Built-in Temporal API types. TypeScript 6.0 ships with native type definitions for the Temporal API, the long-awaited replacement for JavaScript\'s problematic Date object. The Temporal proposal has reached Stage 3 in the TC39 process and is expected to land in JavaScript formally in the near future. Developers can access Temporal types today via --target esnext or by including "esnext" in the lib array.

Strict mode on by default. New TypeScript projects will have strict mode enabled by default, along with module set to esnext. This aligns TypeScript\'s out-of-the-box behavior with the settings that the TypeScript team has long recommended for new codebases.

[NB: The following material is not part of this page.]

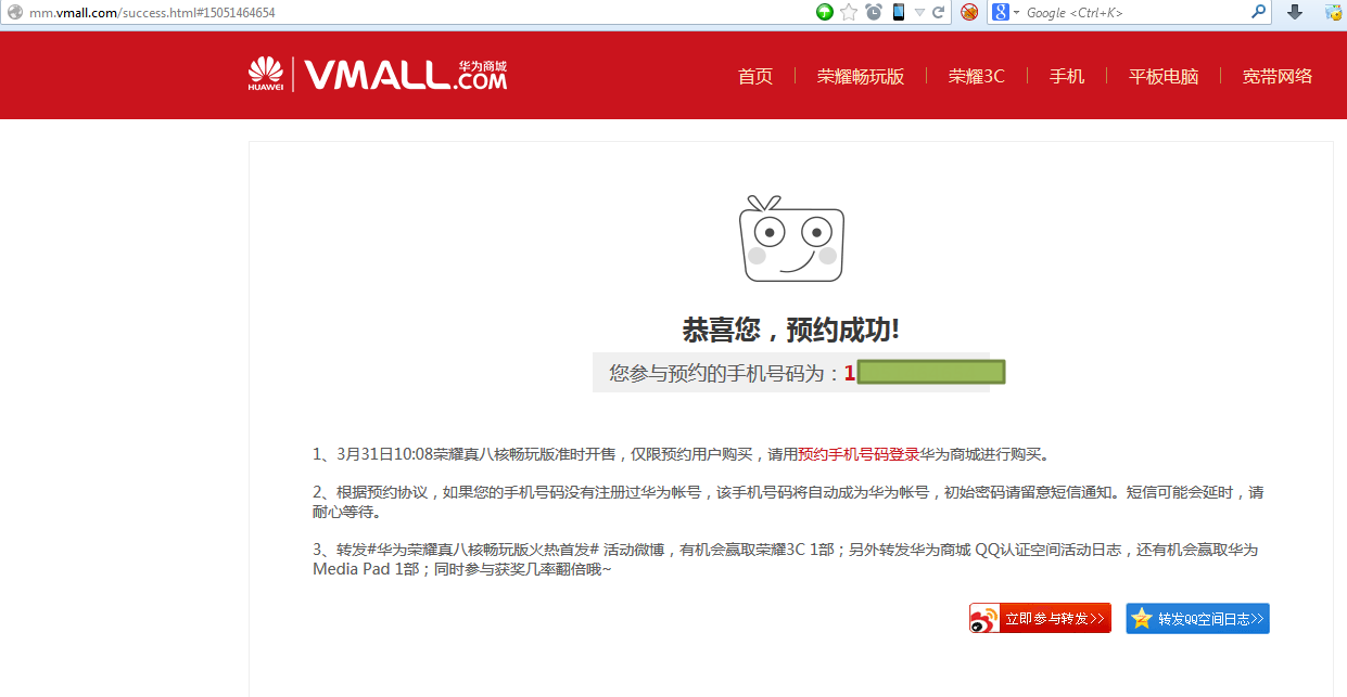 转载请注明:在路上 » 【记录】预约华为荣耀畅玩版并在2014-03-31那天去抢购

Looking Ahead to TypeScript 7.0

TypeScript 6.0 clears the slate for the architectural transition ahead. The Go-based compiler in TypeScript 7.0 is expected to deliver substantial improvements in compilation speed, particularly for large codebases where the JavaScript-based compiler has run into performance limits. The TypeScript team has been transparent that the Go rewrite is motivated primarily by the need for native concurrency and lower memory overhead — constraints that the JavaScript runtime cannot overcome.